**Data**
::::::

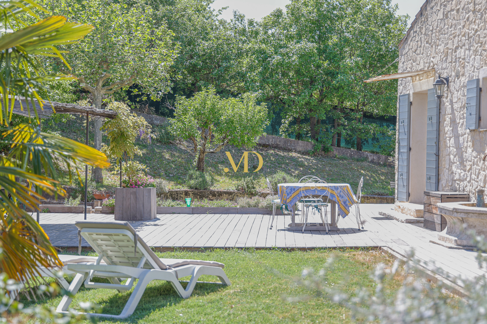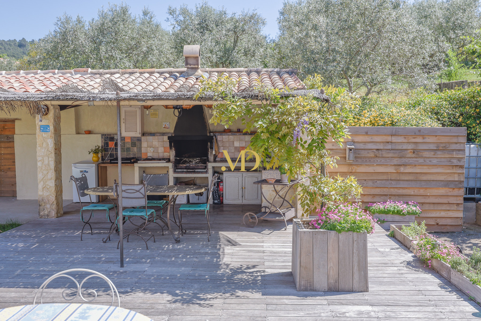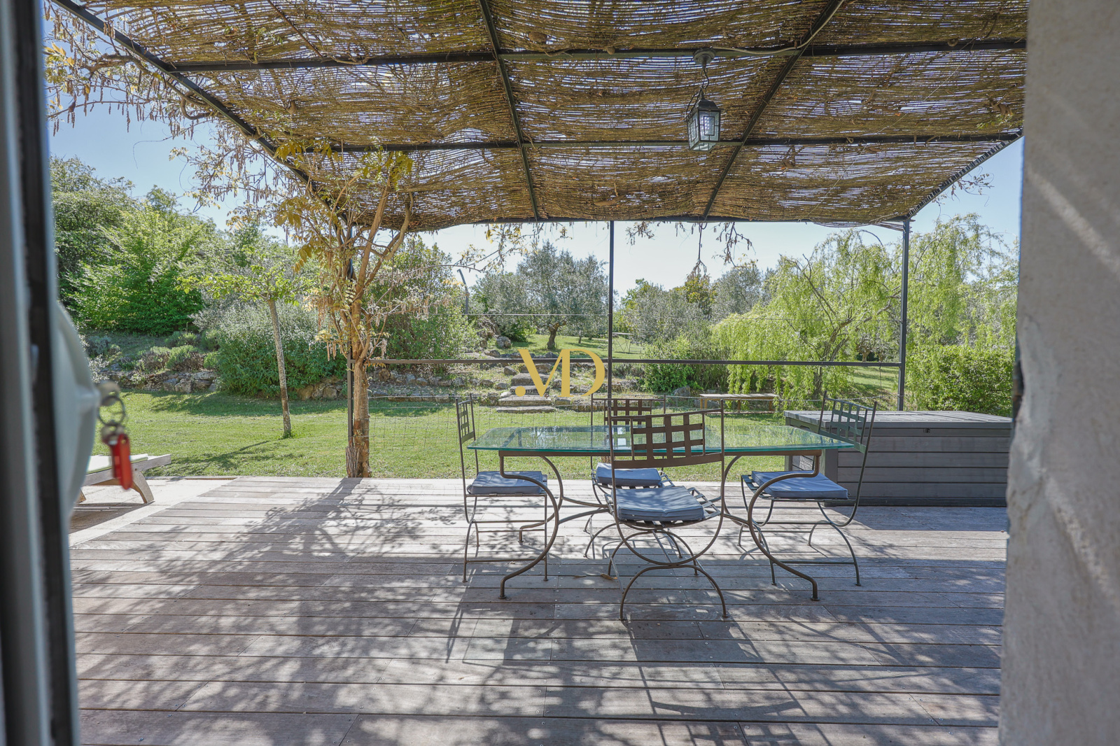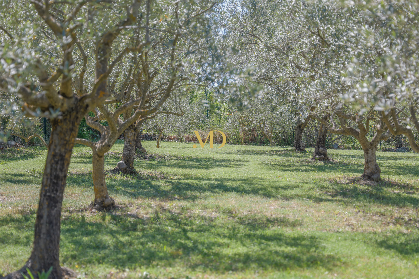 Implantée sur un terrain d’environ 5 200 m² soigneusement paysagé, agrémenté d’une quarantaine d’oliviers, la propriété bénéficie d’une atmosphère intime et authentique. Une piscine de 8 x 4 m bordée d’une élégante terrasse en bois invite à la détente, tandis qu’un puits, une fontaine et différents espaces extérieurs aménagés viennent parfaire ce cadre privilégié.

::::::

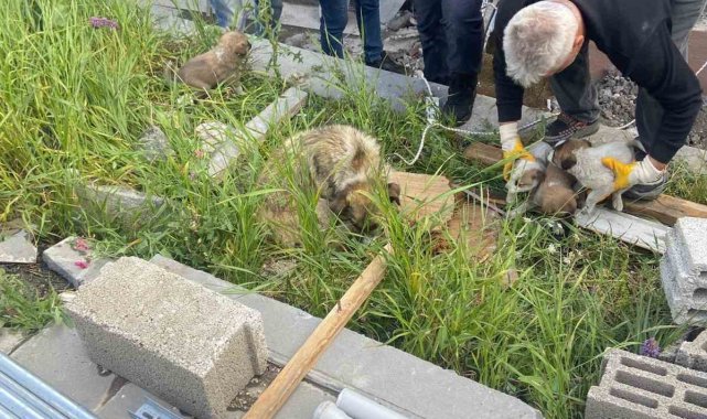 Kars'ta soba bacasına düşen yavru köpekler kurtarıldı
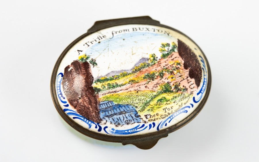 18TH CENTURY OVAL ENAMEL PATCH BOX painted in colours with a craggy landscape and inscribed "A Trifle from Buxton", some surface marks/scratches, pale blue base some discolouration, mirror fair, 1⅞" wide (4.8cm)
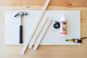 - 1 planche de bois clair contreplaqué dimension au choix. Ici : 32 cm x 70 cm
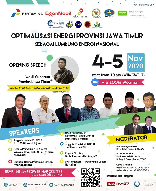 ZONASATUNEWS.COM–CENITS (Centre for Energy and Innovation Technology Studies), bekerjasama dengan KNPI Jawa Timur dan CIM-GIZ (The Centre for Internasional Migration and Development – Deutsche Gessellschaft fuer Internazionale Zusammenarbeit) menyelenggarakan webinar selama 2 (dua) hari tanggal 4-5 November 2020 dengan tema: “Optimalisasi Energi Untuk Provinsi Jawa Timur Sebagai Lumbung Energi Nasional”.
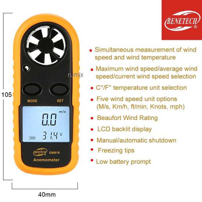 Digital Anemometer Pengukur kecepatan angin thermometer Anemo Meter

::::::

**Activity**
Look above for the line containing "Kars'ta soba bacasına", then write out every line from there down to the line containing "Digital Anemometer Pengukur", that line included, with no pictures.

**Task result**
 Kars'ta soba bacasına düşen yavru köpekler kurtarıldı
 18TH CENTURY OVAL ENAMEL PATCH BOX painted in colours with a craggy landscape and inscribed "A Trifle from Buxton", some surface marks/scratches, pale blue base some discolouration, mirror fair, 1⅞" wide (4.8cm)
 - 1 planche de bois clair contreplaqué dimension au choix. Ici : 32 cm x 70 cm
 ZONASATUNEWS.COM–CENITS (Centre for Energy and Innovation Technology Studies), bekerjasama dengan KNPI Jawa Timur dan CIM-GIZ (The Centre for Internasional Migration and Development – Deutsche Gessellschaft fuer Internazionale Zusammenarbeit) menyelenggarakan webinar selama 2 (dua) hari tanggal 4-5 November 2020 dengan tema: “Optimalisasi Energi Untuk Provinsi Jawa Timur Sebagai Lumbung Energi Nasional”.
 Digital Anemometer Pengukur kecepatan angin thermometer Anemo Meter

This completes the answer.